- SOURCE DATA:
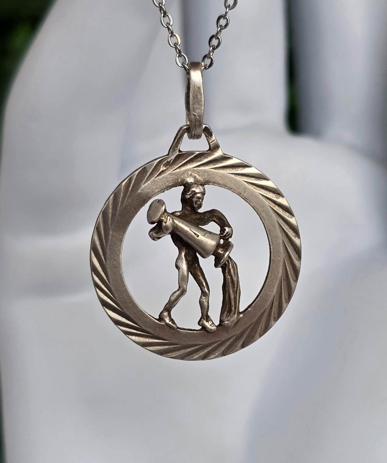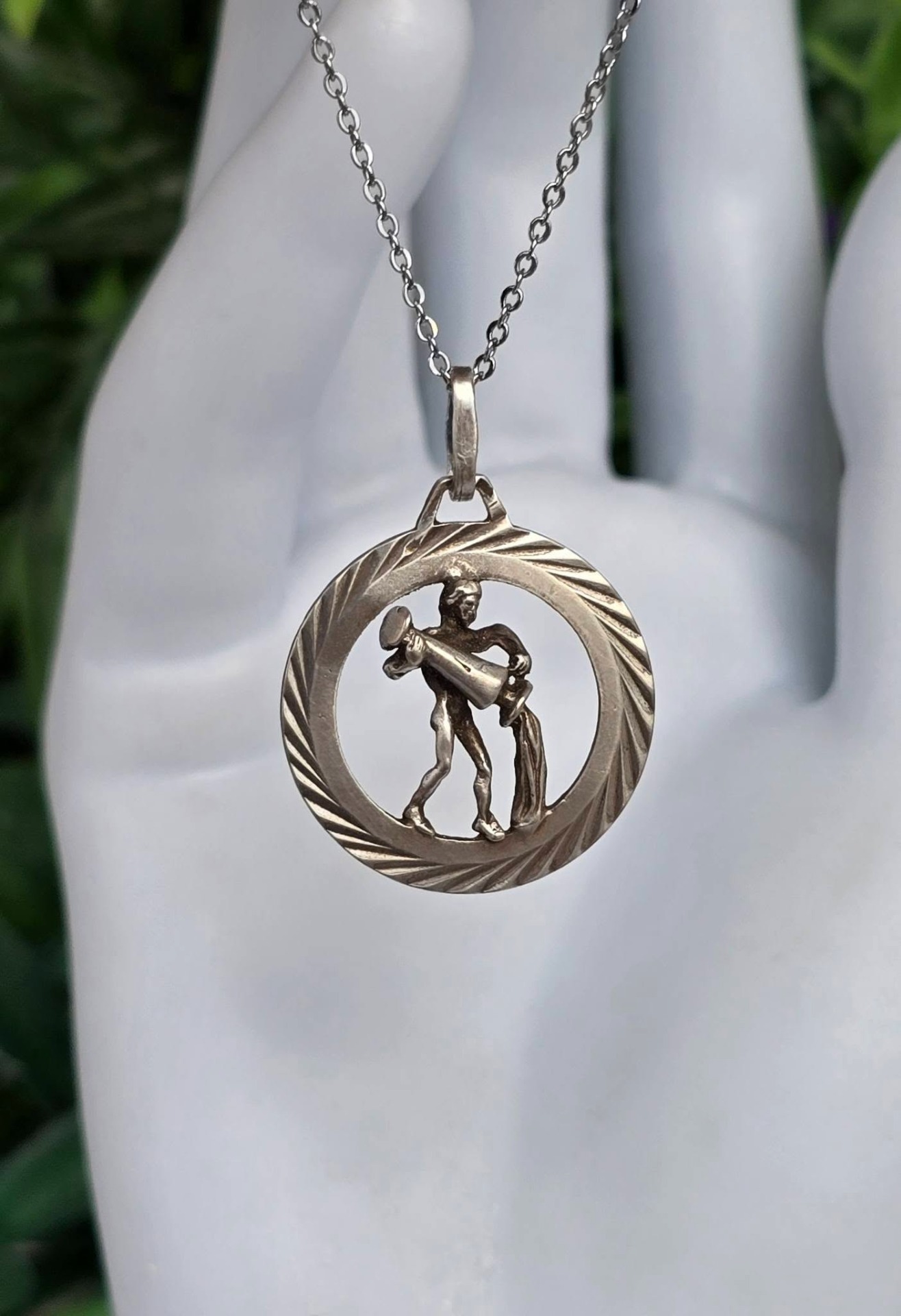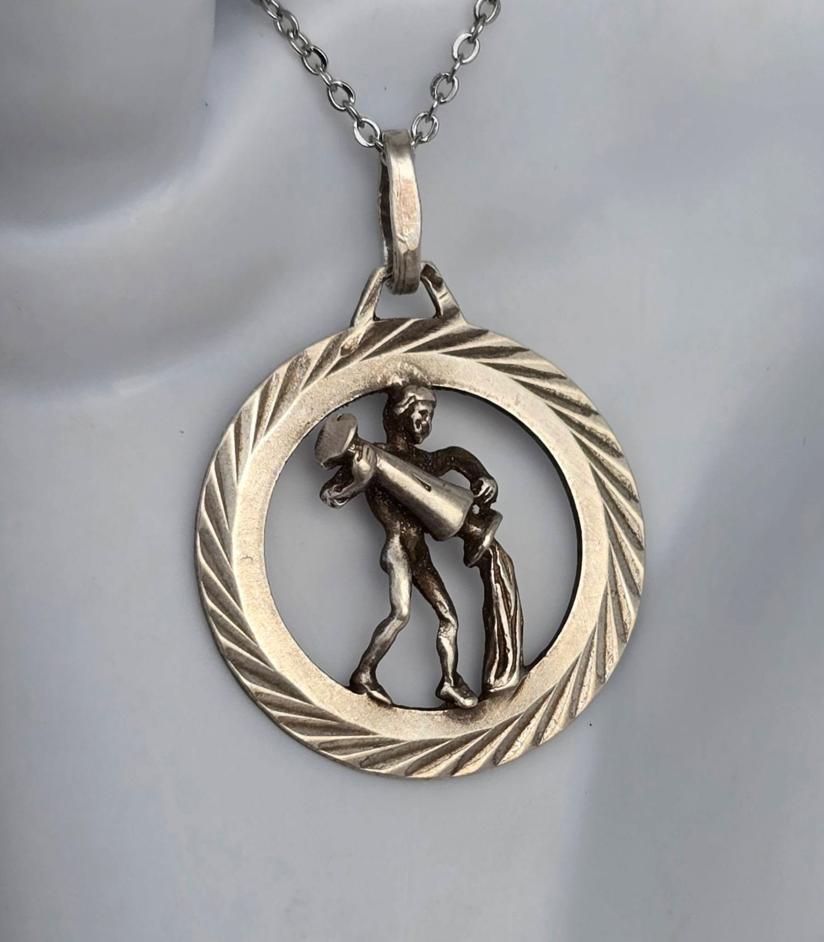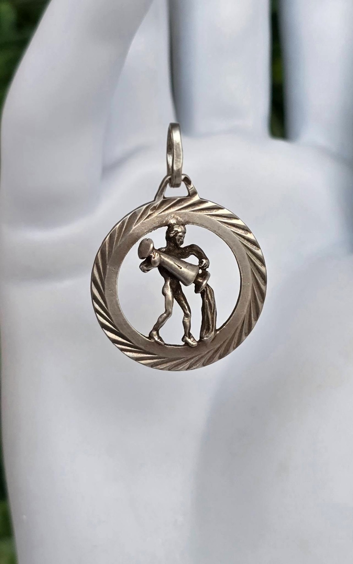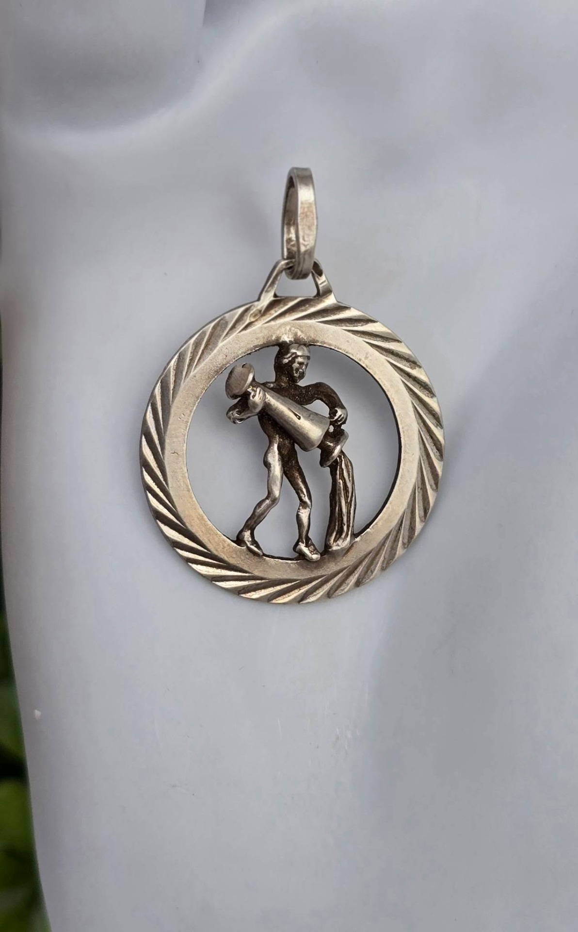 Pandantiv vechi zodiacal "Vărsător" , din argint, frumos lucrat manual
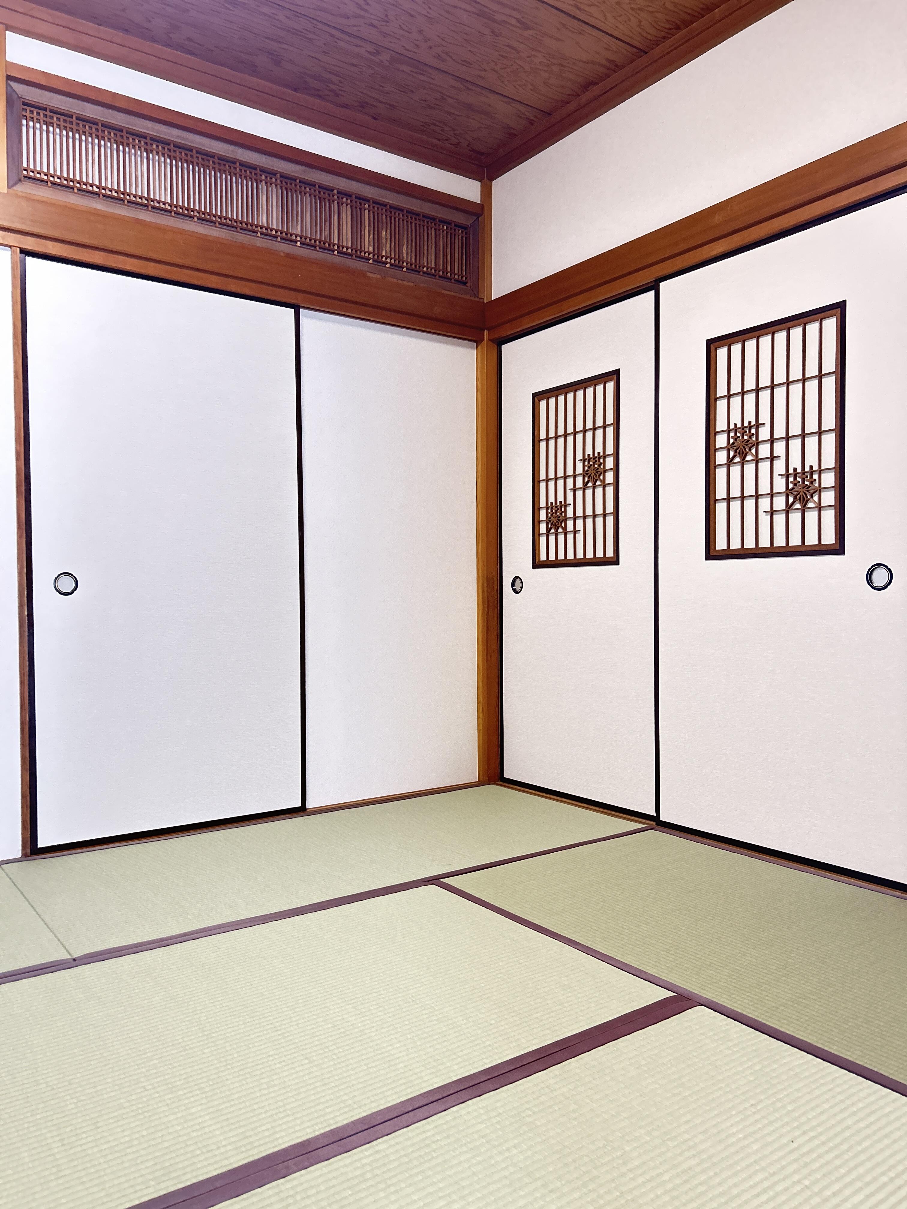下多賀にお住いのS様邸。襖で仕切る和室の2部屋。経年劣化の畳、襖、壁をリフレッシュリフォームをさせて頂きました。襖と壁を白で統一してモダンに。畳はヘリなし半畳の市松模様と、ヘリあり畳でバリエーションを楽しみます。お洒落で遊び心のある和室に生まれ変わりました。
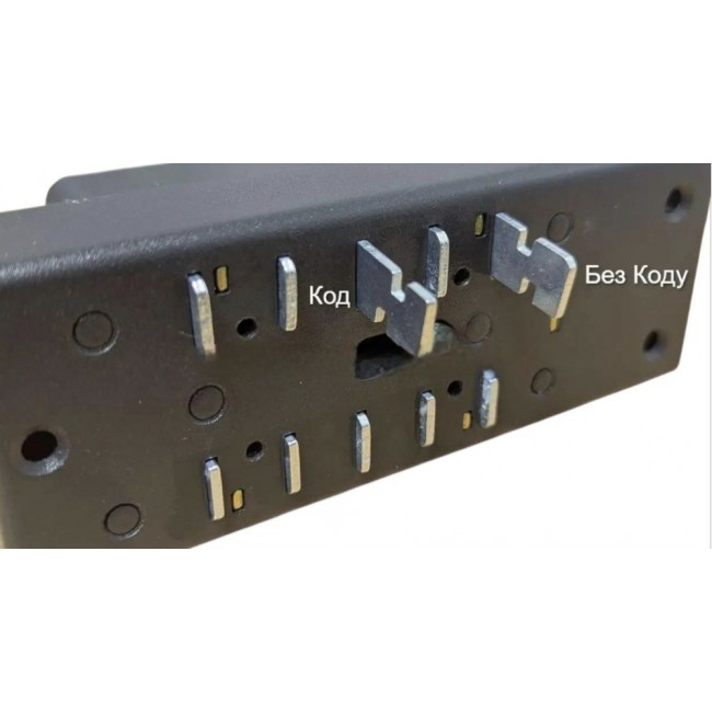 Для смены кода необходимо отвернуть 4 винта и снять блок пружин с рычагом. Кодирование замка осуществляется установкой сувальда в корпус замка в определенном положении: сувальда кодовых кнопок должны быть установлены скосом в направлении к оси замка. Сувальда неходовых кнопок должны быть установлены скосом в направлении от оси замка.
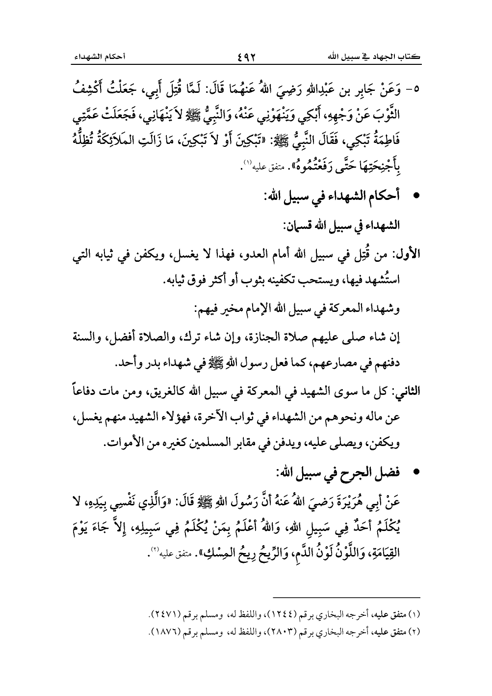 5 - وَعَنْ جَابِر بن عَبْدِاللهِ رَضِيَ اللهُ عَنهُمَا قَالَ: لَمَّا قُتِلَ أَبِي، جَعَلْتُ أَكْشِفُ الثَّوْبَ عَنْ وَجْهِهِ، أَبْكِي وَيَنْهَوْنِي عَنْهُ، وَالنَّبِيُّ - صلى الله عليه وسلم - لاَ يَنْهَانِي، فَجَعَلَتْ عَمَّتِي فَاطِمَةُ تَبْكِي، فَقَالَ النَّبِيُّ - صلى الله عليه وسلم -: «تَبْكِينَ أَوْ لاَ تَبْكِينَ، مَا زَالَتِ المَلاَئِكَةُ تُظِلُّهُ بِأَجْنِحَتِهَا حَتَّى رَفَعْتُمُوهُ». متفق عليه (¬1).

- TASK TO COMPLETE: Return every line shown above without changing a word, and skip the pictures.

- EXPECTED OUTPUT:
 Pandantiv vechi zodiacal "Vărsător" , din argint, frumos lucrat manual
下多賀にお住いのS様邸。襖で仕切る和室の2部屋。経年劣化の畳、襖、壁をリフレッシュリフォームをさせて頂きました。襖と壁を白で統一してモダンに。畳はヘリなし半畳の市松模様と、ヘリあり畳でバリエーションを楽しみます。お洒落で遊び心のある和室に生まれ変わりました。
 Для смены кода необходимо отвернуть 4 винта и снять блок пружин с рычагом. Кодирование замка осуществляется установкой сувальда в корпус замка в определенном положении: сувальда кодовых кнопок должны быть установлены скосом в направлении к оси замка. Сувальда неходовых кнопок должны быть установлены скосом в направлении от оси замка.
 5 - وَعَنْ جَابِر بن عَبْدِاللهِ رَضِيَ اللهُ عَنهُمَا قَالَ: لَمَّا قُتِلَ أَبِي، جَعَلْتُ أَكْشِفُ الثَّوْبَ عَنْ وَجْهِهِ، أَبْكِي وَيَنْهَوْنِي عَنْهُ، وَالنَّبِيُّ - صلى الله عليه وسلم - لاَ يَنْهَانِي، فَجَعَلَتْ عَمَّتِي فَاطِمَةُ تَبْكِي، فَقَالَ النَّبِيُّ - صلى الله عليه وسلم -: «تَبْكِينَ أَوْ لاَ تَبْكِينَ، مَا زَالَتِ المَلاَئِكَةُ تُظِلُّهُ بِأَجْنِحَتِهَا حَتَّى رَفَعْتُمُوهُ». متفق عليه (¬1).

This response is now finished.